Together this motley collective goes about the general business of being enemies of Turkey, which here mainly involves carrying out assassinations and the kidnapping of a prominent scientist and his young daughter. This, naturally, means that it won’t be long before Spy Smasher and Feri are roaring down the highway after them, burning rubber on their twin motorcycles as a surf cover of the
In Like Flint theme plays on the soundtrack. (A healthy chunk or John Barry’s
On Her Majesty’s Secret Service score and Peter Thomas’ jaunty
Jerry Cotton theme also get quite a workout.) This sets in motion the usual cycle of our heroes repeatedly chasing and then engaging in frenetic tussles with the baddies, leading to each having multiple opportunities to both be captured and to rescue the other from capture.
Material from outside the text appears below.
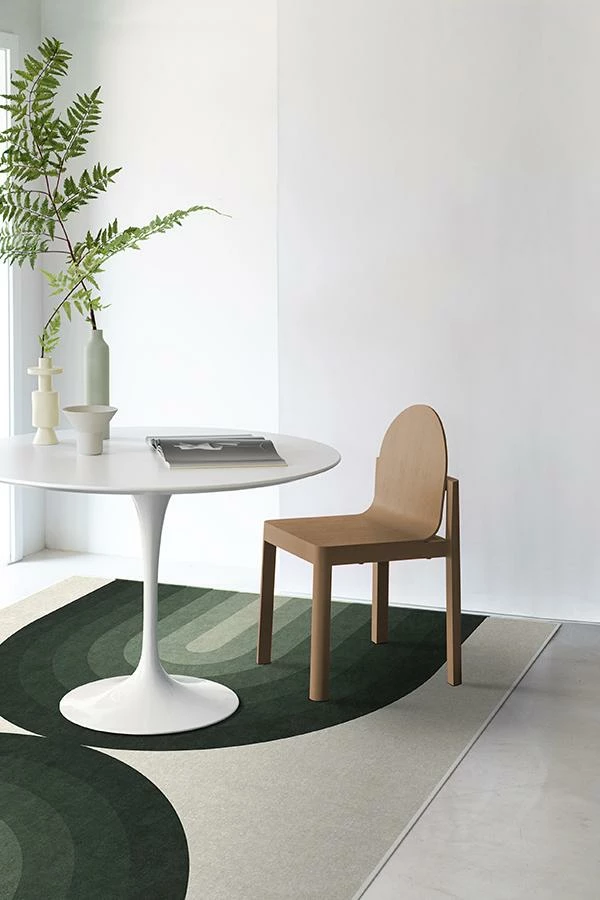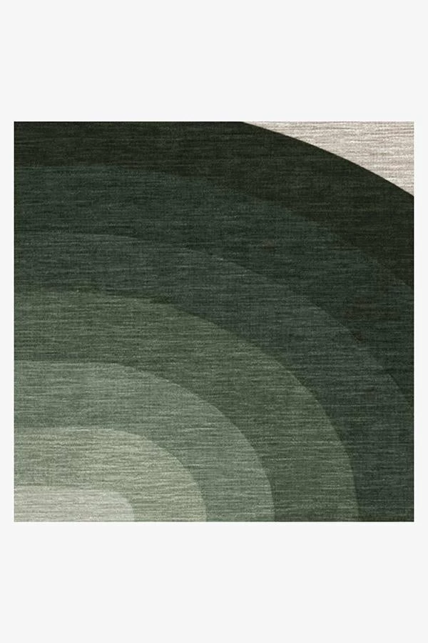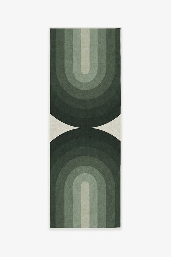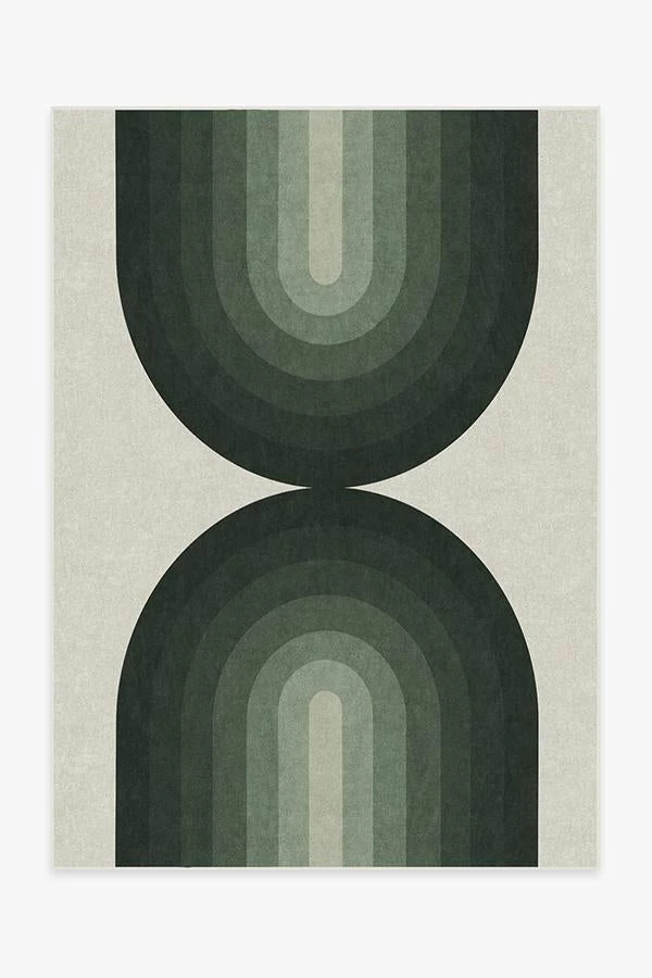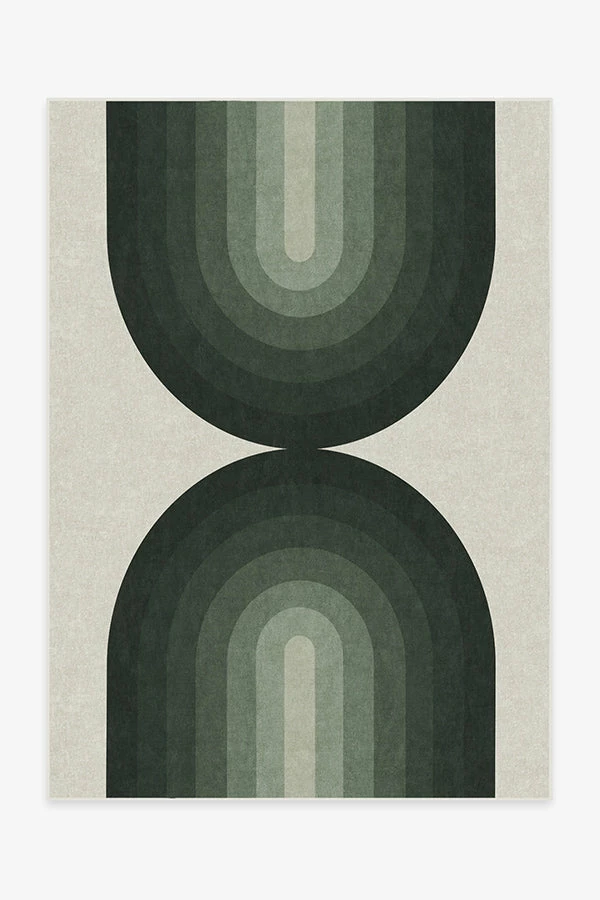 Alluring and abstract. Taking inspiration from Bahaus artist Josef Albers, this modern rug design features mirrored arches in shades ranging from dark hunter green to light sage on an off white backdrop. Water-resistant, stain-resistant, and machine washable.
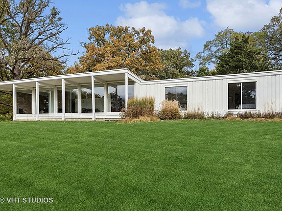 ** Multiple offers received. Highest & Best offers should be submitted no later than 12pm Noon Central Time on Monday, October 28th. ** Wow! Even among MCM homes, this beautiful 1965 mid-century modern ranch designed by John Schmidtke stands out! Sited atop a hill on what is arguably the best lot in Elgin's desirable Sherwood Oaks subdivision, this beautiful International Style modern home is both elegant and sophisticated. Walls of Chicago Common Brick are interspersed with glass and cedar to create a home that is full of light and beautiful, natural materials. A large, eat-in kitchen with dinette space features original cabinets & hardware and walls of glass on two sides, including looking into and through the sun room, with its huge sliders. Along the front of the house with its massive 100" x 100" windows, are the dining room and living room, separated by a brick fireplace, and the den, separated from the living room by a bookshelf wall. These three spaces flow beautifully from one to another, and all take advantage of the amazing wall of windows and natural light looking southwest under a significant overhang that spans the width of the window wall and offers passive solar properties. Both the hall bath and the en-suite bath in the Primary Bedroom feature their original floating cabinetry and hardware, as well as tile and some fixtures. Both the Primary and Second bedrooms face out the front of the house, across the generous front lawn overlooking all the beautiful, mature trees in the neighborhood. And the Primary bedroom includes a large walk-in closet for excellent storage. Remarkably for a modern home of this era, there's a large walk-in closet for storage on the main level, as well as a spacious laundry room, so that all day-to-day needs are met on the main level, offering true ranch living. Two additional walk-in closets on the main level offer excellent storage within easy reach as well. Take note of the fantastic architectural details in the house, such as the way the door framing is done, and you'll realize just how special this home is. A two-car garage rounds out the main level, and the home also has a partial basement for even more storage or space for a rec room or an exercise, hobby or home theater area. Outside, you'll enjoy the nearly 1-acre lot surrounded by and peppered with mature trees and offering views of nature all around. Sherwood Oaks is a hidden gem within Elgin, with its winding streets, hills, and endless natural beauty. In just 10 minutes, you can be on I-90 or at South Barrington's Arboretum area with all of its dining and shopping options. This is a wonderful example of modern architecture for the discerning buyer looking for an architect-designed home in a beautiful, quiet, natural setting at a fantastic price. Don't let this one slip away!

Throughout this, it must be said that Irfan Atasoy pulls off some deeply impressive acrobatics and stunts, although they do require one to willfully ignore the very many times the villains could potentially have shot him while he was executing all of those show-offy serial back-flips and handstands.
While the enjoyment I took in
Yedi Canli Adam derived in great part from happy associations with every other pulp Turkish superhero film I’ve seen, I regret that watching it has placed even further from recall any of those other films’ specifics. I mean, how many nominally unrelated Turkish superhero films featuring comic relief characters named Bitik who dress like Sherlock Holmes is one man expected to keep track of? Or how many featuring pairs of motorcycle riding his-and-hers heroes, especially given that their costumes are virtually indistinguishable from one another? The answer may be that the whole of Turkish pulp cinema is really meant to be experienced as one big intoxicating morass, rather than as a collection of discrete works. I’m beginning to suspect that Yilmaz Atadeniz saw it that way, at least.